Finnish homes could soon be powered by a new type of green energy: horse poop. Fortum, a Finnish energy company, is experimenting with a new biofuel harvested straight from the stables.
Fortum estimates that the manure of three horses could heat a single-family home for a year, based on a spring pilot with four stables and one power plant. That means Finland’s 70,000 horses could power 23,000 homes.
The system uses the wooden shavings that already line the stalls of many horse stables. After the horses poop in their stalls, Fortum gathers the wood and manure mix and spreads it on a field to make sure the moisture levels are even. Next, the mixture goes to a biomass power plant, where it’s mixed with other wood shavings (recycled from the country’s large timber industry) and burned.
Pre-fuel mix. Image Credit: Fortum
So far the pilot tested a combination of wood and waste with only 10 percent manure, but they plan to up the proportion to 20 percent soon, with an expanded pilot of the biofuel system planned for the fall.
Horse manure doesn’t pose quite the environmental problem it did back in the days of horse-drawn carriages, but it still can pose a water pollution risk.
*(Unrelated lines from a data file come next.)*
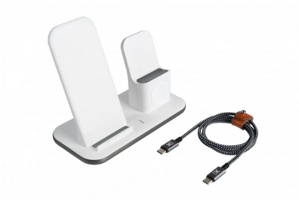 Ein Ort zum einfachen Aufladen aller Deiner Apple-Geräte. Das ist es, was die Xtorm 3-in-1 Wireless Ladestation erreichen soll. Sie verfügt über eine Ladestation zum kabellosen Aufladen Deines iPhones, einen Platz zum Ablegen und Aufladen Deiner Apple Watch sowie einen Platz zum Aufladen Deiner kabellosen AirPods (Pro)-Hülle.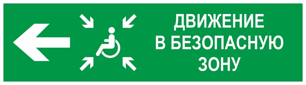 Направление движения в безопасную зону налево для инвалидов, фотолюминесцентный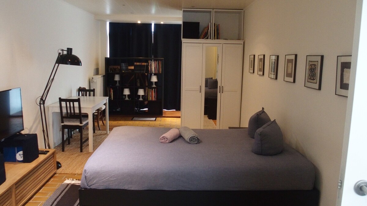 Studio dans une rue calme dans les combles d’un petit château où nous habitons. A 5 min à pied des transports qui offrent un accès direct vers le centre ville (35-40min). Comprend un lit double et un canapé lit et peut accueillir jusqu’à 4 personnes (Salle de douche et toilette séparée.) ⚠️Attention: Il au 3e étage et il n’y a pas d’ascenseur. Parking gratuit à 7 min à pied de la maison. ⚠️ pas de visiteurs autorisés la nuit

A mixture of horse manure and stable bedding isn’t ideal as compost for plants, and in the European Union, manure can’t be spread on sloped land, lest it run down the hill and into the water supply during a storm. Finnish horse lovers can't dispose of the animals' waste in landfills, either, per a law that takes effect in 2016. Thus, turning what would be stable refuse into energy addresses Finland's poop problem and puts the country back on the road toward replacing a portion of its fossil fuel usage with biofuels. If it proves successful, other horse-loving countries (like the 9.5-million-horse-strong U.S.) might follow suit.